Secondo l’approccio evoluzionista, gli agenti hanno una informazione imperfetta e incompleta e
una razionalità limitata, essendo quest’ultima caratterizzata dal fatto che essi hanno capacità
limitate di raccolta e trattamento dell’informazione. Di conseguenza, gli agenti interagiscono in
modo sequenziale e il lavoro del tempo viene progressivamente a compensare le loro debolezze
computazionali. A governare i comportamenti e le relazioni tra gli agenti intervengono cinque
principi. Il principio di interazione precisa il calendario degli incontri e la vicinanza di interazioni di
ciascun agente. Il principio di informazione definisce le informazioni fattuali e struttuarali di cui
dispongono gli attori. Il principio di valutazione descrive il modo in cui l’agente aggrega le proprie
informazioni tanto sulle azioni altrui passate quanto sui risultati ottenuti con le proprie azioni. Il
principio di decisione esplicita la scelta di una azione in funzione delle informazioni
precedentemente aggregate. Il principio di soddisfazione infine indica quali sono gli effetti
congiunti delle azioni intraprese quali essi sono appresi dal modellizatore. Questi cinque principi
possono combinarsi. Nell’”apprendimento epistemico”, gli attori hanno una rappresentazione del
loro contesto che controllano nel corso del tempo, deducendone una anticipazione sul suo stato
futuro e scegliendo la risposta migliore. Nell’”apprendimento comportamentale”, gli attori
osservano solo i risultati passati delle loro azioni, costruiscono un indice di performance associato a
ciascuna azione, poi rafforzano le azioni più performanti e inibiscono le altre. Nel “processo
evoluzionario”, gli attori hanno una funzione di comportamento fissa, si incontrano in modo
aleatorio e si riproducono in funzione dell’utilità ottenuta. Se si applica la prospettiva evoluzionista
alle istituzioni, ci si approssima alla nozione di istituzione proposta da Elster (1989). Una entità X
caratterizzata sai suoi effetti Y su un sistema sociale è una istituzione quando siano soddisfatte
quatto condizioni. La relazione tra l’entità X e i suoi effetti Y è sconosciuta dagli agenti. Gli effetti
Y non sono considerati dalle azioni che producono X. Gli effetti Y sono vantaggiosi per gli agenti.

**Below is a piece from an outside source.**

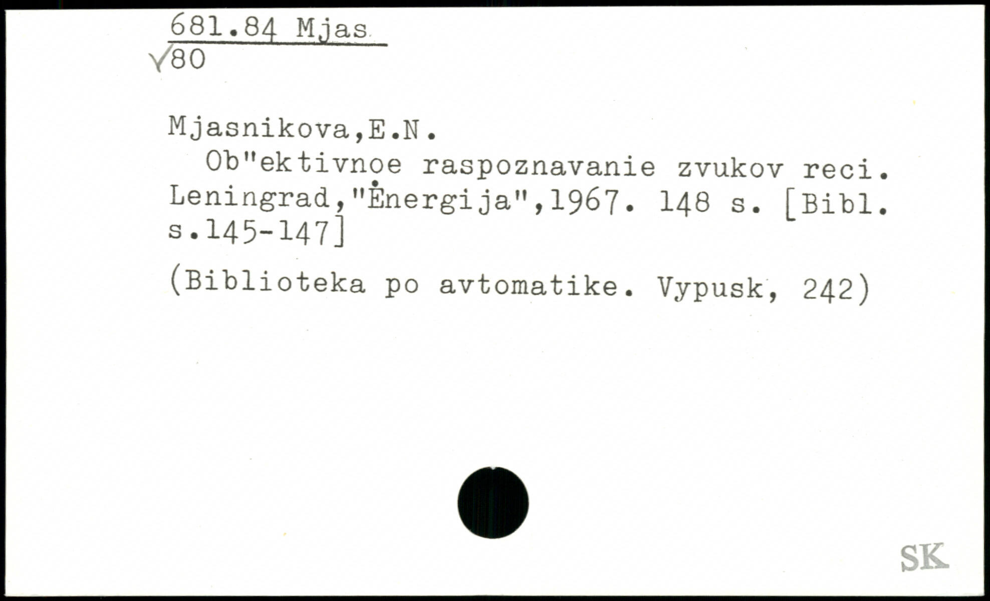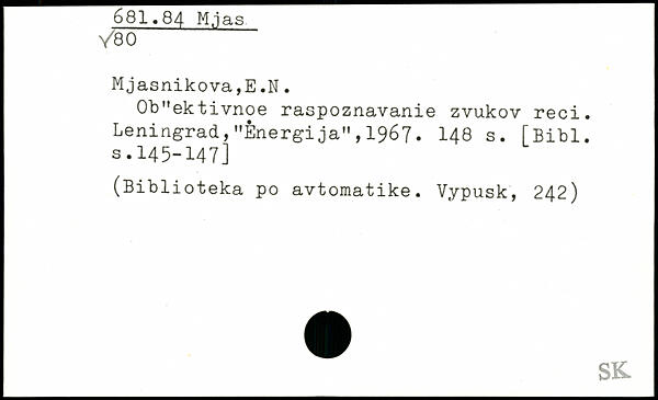 Ob"ektivnoe raspoznavanie zvukov reci. Leningrad,"Energija",1967. I

Gli effetti Y perpetuano l’istituzione X attraverso una retroazione causale che passa per i
comportamenti degli agenti. In pratica, questa definizione mette bene l’accento sul fatto che una
istituzione è una conseguenza non voluta (e dunque non prevista) delle azioni degli agenti e che
questa conseguenza è individualmente benefica.

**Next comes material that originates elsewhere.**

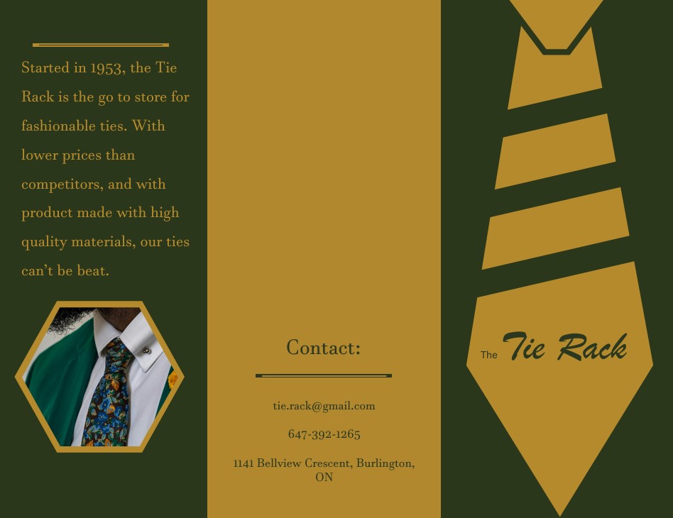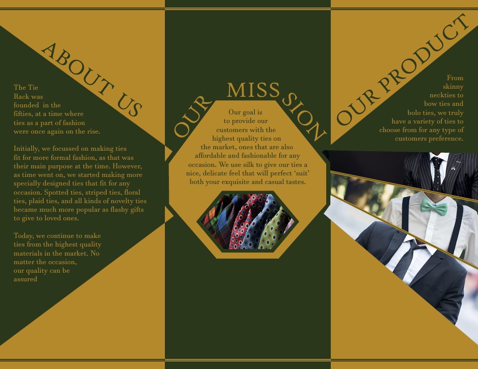 The tri-fold brochure project required me to think a bit more creatively, as I was forced to consider how a design should flow throughout six different pages, yet still being unified in the end. I decided that I would use Illustrator as my main tool, designing around two different ties for both the cover page and the inside pages.

I processi evoluzionisti di genesi si una istituzione rendono ben esplicito come possono apparire
regolarità di comportamento, assimilabili a istituzioni. Essi rimangono però a metà del guado
poiché non spiegano in che modo l’istituzione emerge come entità autonoma e accettata. Il
“problema della naturalizzazione” si interroga sul meccanismo secondo cui gli attori arrivano a
considerare una regolarità osservabile come entità indipendente e a determinarsi direttamente in
rapporto a questa entità piuttosto che alle azioni degli altri. Il “problema di legittimazione” si
interroga sul modo in cui gli attori riconoscono l’utilità sociale dell’istituzione e le danno
eventualmente un fondamento giuridico. Per colmare l’incompletezza di formalizzazione del
processo di istituzionalizzazione, è necessario tenere insieme gli approcci eduttivo ed evoluzionista,
dal momento che l’istituzione emerge attraverso un meccanismo inconscio prima di essere una
tabula rasa, come una pura emergenza, caso per caso, a partire dalle sole azioni individuali. Di fatto,
una istituzione non nasce in un vuoto istituzionale ma in seno a un sistema sociale già dotato di
istituzioni preliminari su cui può fondarsi. La nuova istituzione può ricevere, a monte, un esempio o
un supporto da altre istituzioni o vedere, a valle, i propri effetti rafforzati o legittimati da altre
istituzioni. Esistono due circuiti di interazione che esercitano su scale temporali diverse, l’una tra
livello comportamentale e livello istituzionale, l’altra tra livello mentale e livello istituzionale. Le
istituzioni foggiano gli stati mentali nello stesso tempo in cui risultano da questi stati mentali
attraverso i comportamenti da esse indotti. Riassumendo, l’economia tratta il problema della genesi
delle istituzioni applicando ai suoi oggetti dei modelli di apprendimento e di evoluzione “minimali”,
presi a prestito dalla biologia e dalla psicologia. Essa utilizza un approccio proiettivo mirando a
testare i suoi modelli sotto l’aspetto empirico, piuttosto che un approccio induttivo che miri a
estrarre delle regolarità dai dati accumulati.

CAPITOLO 15
CULTURA E MODULARITà (Sperber)

I membri di un gruppo umano sono legati gli uni agli altri da molteplici flussi di informazione.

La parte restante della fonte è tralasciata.